> PROBLEM DETAILS:
Repeat word for word the lines from the one containing "这里在用户页面点击编辑按钮时" to the end of the material below, and leave all pictures out.

> INFORMATION SUPPLIED:
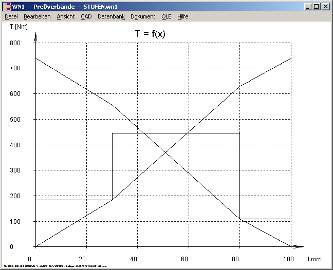 Im Diagramm T = f(x) werden außer der Treppenfunktion mit den konstanten Werten für die Nabenabschnitte zwei Kurven des übertragbaren Drehmoments über der Nabenlänge gezeichnet (beginnend von Nabenanfang und Nabenende).
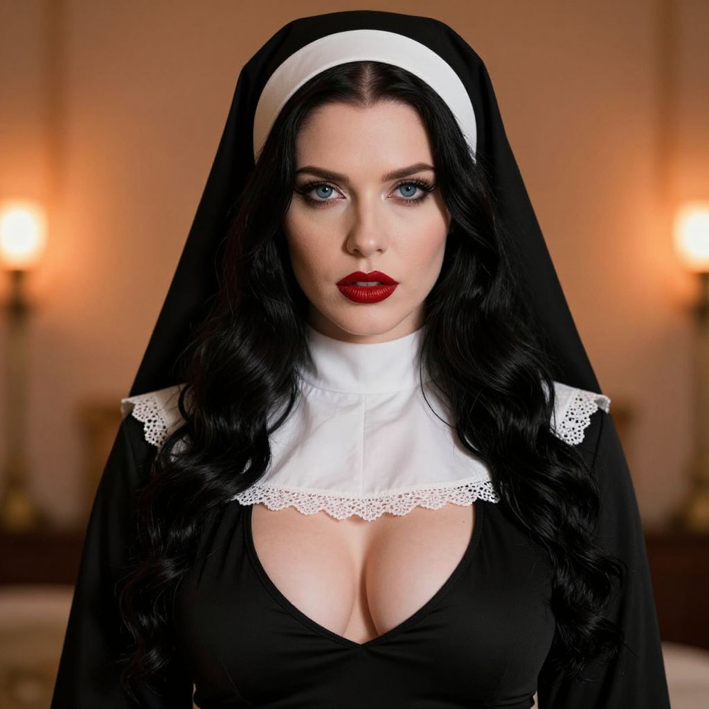 This is a digitally altered photo of a woman with pale skin, striking blue eyes, and long, wavy black hair wearing a black nun's habit with a white lace trim on her low-cut, revealing black top that highlights her large breasts. She has bold red lipstick and a serious expression. The background is softly blurred with warm orange lights.
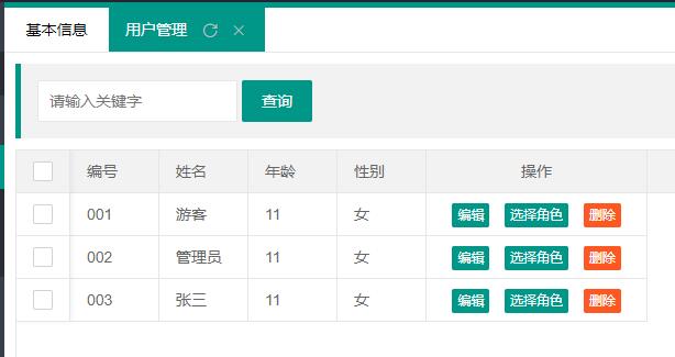 这里在用户页面点击编辑按钮时设置需要有id=002的角色,在点击选择角色按钮时需要有code=002的权限。
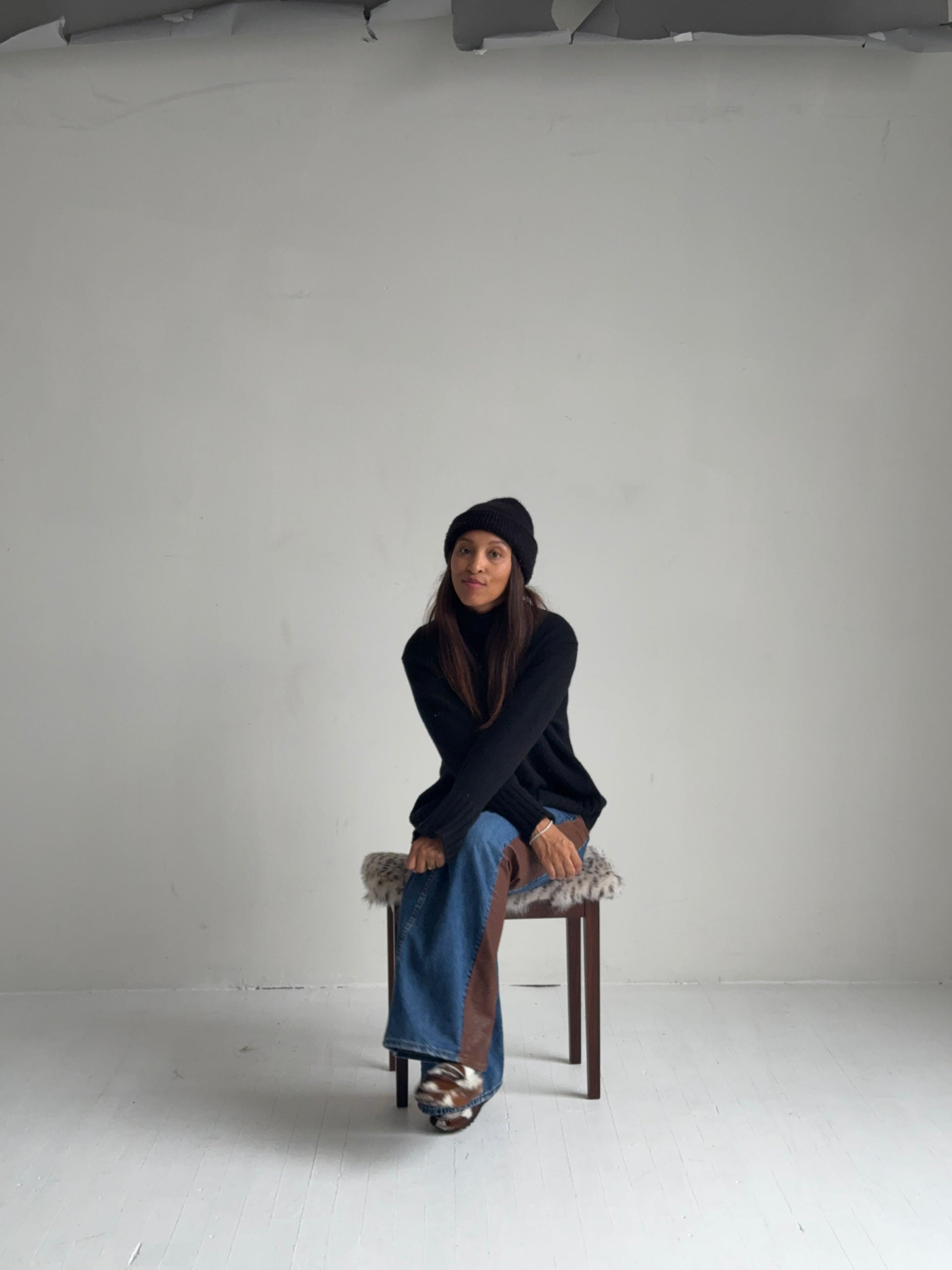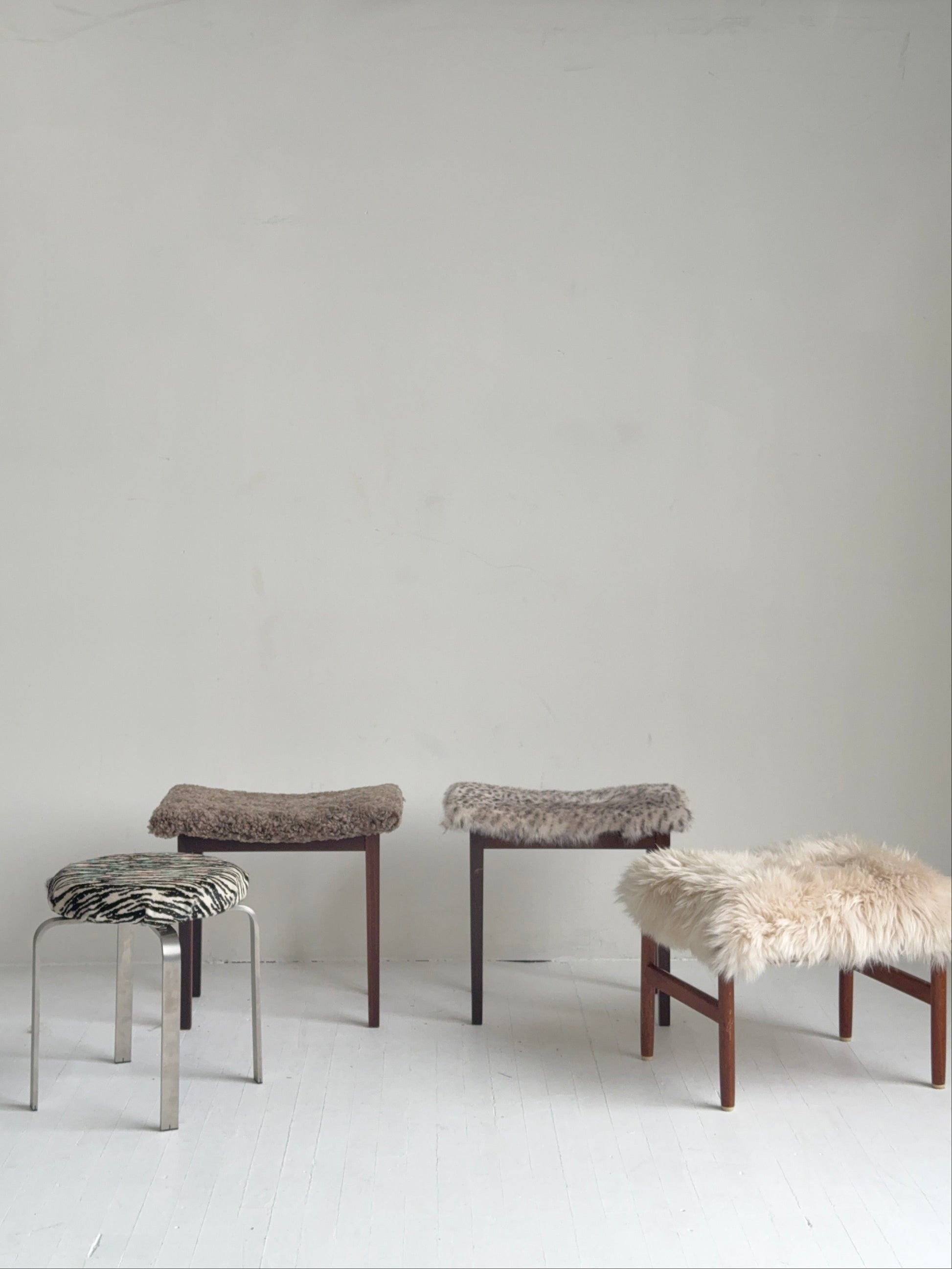 danish footstool with rosewood veneers and a gently curved seat. reupholstered in a spotted toscana shearling through lolo marais’ chrome atelier, adding texture and pattern to the slim mid-century frame. a sculptural accent for a vanity, bedside, entry, or layered seating moment.

> SOLUTION TO THIS TASK:
 这里在用户页面点击编辑按钮时设置需要有id=002的角色,在点击选择角色按钮时需要有code=002的权限。
 danish footstool with rosewood veneers and a gently curved seat. reupholstered in a spotted toscana shearling through lolo marais’ chrome atelier, adding texture and pattern to the slim mid-century frame. a sculptural accent for a vanity, bedside, entry, or layered seating moment.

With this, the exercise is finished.